You could create multiple snippets, one for each of your placeholders so you have

/startdate -> [startdate]
/starttime -> [starttime]
...

And then in your snippet's you then use them like: "start date is {import:/startdate} and start time is {import:/starttime}".

You can then go in and update the snippets individually when you find out the necessary data.

You may also want to look at {urlload} and {urlsend} to dynamically load and save data.

cedricdebono · April 15, 2019, 7:09pm

Hi,

Yes in fact that's a method I used for a short while but I didn't find it practical for my needs.

As for {urlload} and {urlsend}, I'm not sure how they might help me

Thanks for answering though. Really appreciate it.

Cedric

scott · April 17, 2019, 1:43pm

{urlsend} and {urlload} let you persist information from your snippet and reload. They can be complex to use though.

Here is a brief guide on how to use them to save data to a Google Spreadsheet:

cedricdebono · April 17, 2019, 3:40pm

Ah neat. That opens up a lot of doors!

Thank you!!!

cedricdebono · April 17, 2019, 7:45pm

Ok so a step further now. Can the {urlsend) and {urlload} be used with Google Docs too?

scott · April 18, 2019, 6:40am

What are you attempting to do with Google Docs? They can be used anywhere you want to trigger a URL so if there is a Google Docs URL you want to trigger you should be able to use them there.

Note we are working on developing integrations with the Google API's (like the Sheets or Docs API) that would allow many more possibilities. I would love to hear about the different use cases you or others have for these types of integrations.

Cedric_Debono · April 18, 2019, 7:31am

It's a very specific scenario and pretty hard to explain in writing because I would have to show you multiple examples. If you want, we can jump on a Skype call and I can use screen sharing to walk you through the whole process. It could actually make for a very interesting case study for the community too actually.

Shall we do that?

scott · April 18, 2019, 10:55am

Sounds good, let me follow up with you by email.

cedricdebono · April 22, 2019, 2:35pm

Hi Scott,

So, after our exhange, I tried to apply the extractregex function in Text Blaze. But I'm faced with a little problem.

I'm using this:

{formtext: name=URL}

{urlload:{=URL}; done=(res) -> [
"date"=extractregex(res, "Date: (\w+)"),
"time"=extractregex(res, "Time: (\w+)")
]}

Form result after loading:
Found field 1: **{=Date}**
Found field 2: **{=Time}**

The data to extract is the following:

Date: datetest
Time: timetest1timetest timetest timetest timetest timetest timetest timetest timetest timetest timetest timetest timetest timetest timetest timetest timetest timetest timetest timetest timetest timetest timetest timetest timetest 1

The problem is that the command is only returning up to the first space, so in this case:

timetest1timetest

I tried googling other parameters so as to have it stop at the line break, but couldn't quite understand how to apply them

So, once again, I need your expert guidance.

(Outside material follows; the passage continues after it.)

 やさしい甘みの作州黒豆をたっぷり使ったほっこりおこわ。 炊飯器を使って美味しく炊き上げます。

P.S. Maybe it would be worth renaming this thread to "How to extract data from a google doc"?

scott · April 22, 2019, 3:46pm

Something like the following should work. The []'s mean "match any character" in these brackets. So "[\w ]" means match any letter, number or space.

Since you might have other things such as commas, dashes, question marks, or periods; it's probably best to just use "." which will match any character except a newline.

{res="Date: datetest
Time: timetest1timetest timetest timetest timetest timetest timetest timetest timetest timetest timetest timetest timetest timetest timetest timetest timetest timetest timetest timetest timetest timetest timetest timetest timetest 1
Another line....."}
Date is {=extractregex(res, "Date: (\w+)")}
Time v1 is {=extractregex(res, "Time: ([\w ]+)")}
Time v2 is {=extractregex(res, "Time: (.+)")}

I've renamed the thread as you suggest.

cedricdebono · April 22, 2019, 4:36pm

Yep, works a charm.

Version 1 gave me what I wanted. Version 2 gave me everything till the very end (which I don't need).

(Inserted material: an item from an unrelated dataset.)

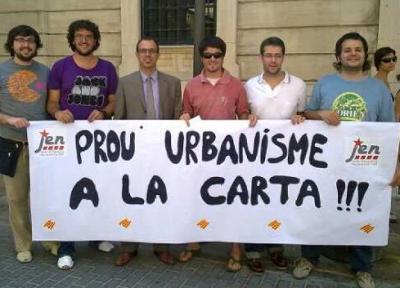 Mentrestant, a l’exterior del Parlament, membres dels Joves d’Esquerra Nacionalista (JEN-PSM) s’han manifestat sota el lema “Prou d’urbanisme a la carta!”. A la concentració dels joves nacionalistes s’ha afegit el secretari general del PSM-EN i portaveu parlamentari del BLOC, Biel Barceló, que ha sortit un moment de l’hemicicle per donar-los suport. Tant els JEN-PSM com el líder nacionalista han qualificat l’aprovació de la llei promoguda per PP i UM com “un exercici d’urbanisme a la carta indigne de la cambra legislativa del nostre país”.

This leads me to another question. From my research I found that you can specify a character or string that will make the regex stop; something with

?:

How would I apply that in conjunction with version 2?

In other words: "Give me all the text after the specified string and up to the second specified string.

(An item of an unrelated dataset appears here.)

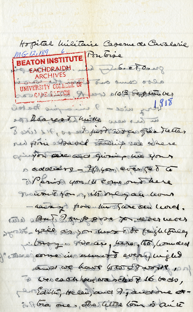 Item is a letter from Katharine McLennan to Mike Farley, dated 10 September 1918. In the letter, Katharine asks Mike to come and visit her if he is able, and describes the hospital space and staff at Pontoise. She also mentions the death of her uncle Bartlett.

scott · April 22, 2019, 5:40pm

If you wanted everything up to " END", you could do something like:

{res="Date: datetest
Time: timetest1timetest timetest timetest timetest timetest timetest timetest timetest timetest timetest timetest timetest timetest timetest timetest timetest timetest timetest timetest timetest timetest timetest before the END timetest 1
Another line....."}

Time is {=extractregex(res, "Time: (.+) END")}

Cedric_Debono · April 23, 2019, 8:10am

Ok so that worked, but now I've stumbled into another issue. If I try to extract multiple paragraphs up until END it says nothing found.

I tried extracting everything and it looks like regex stops reading after a set number of characters.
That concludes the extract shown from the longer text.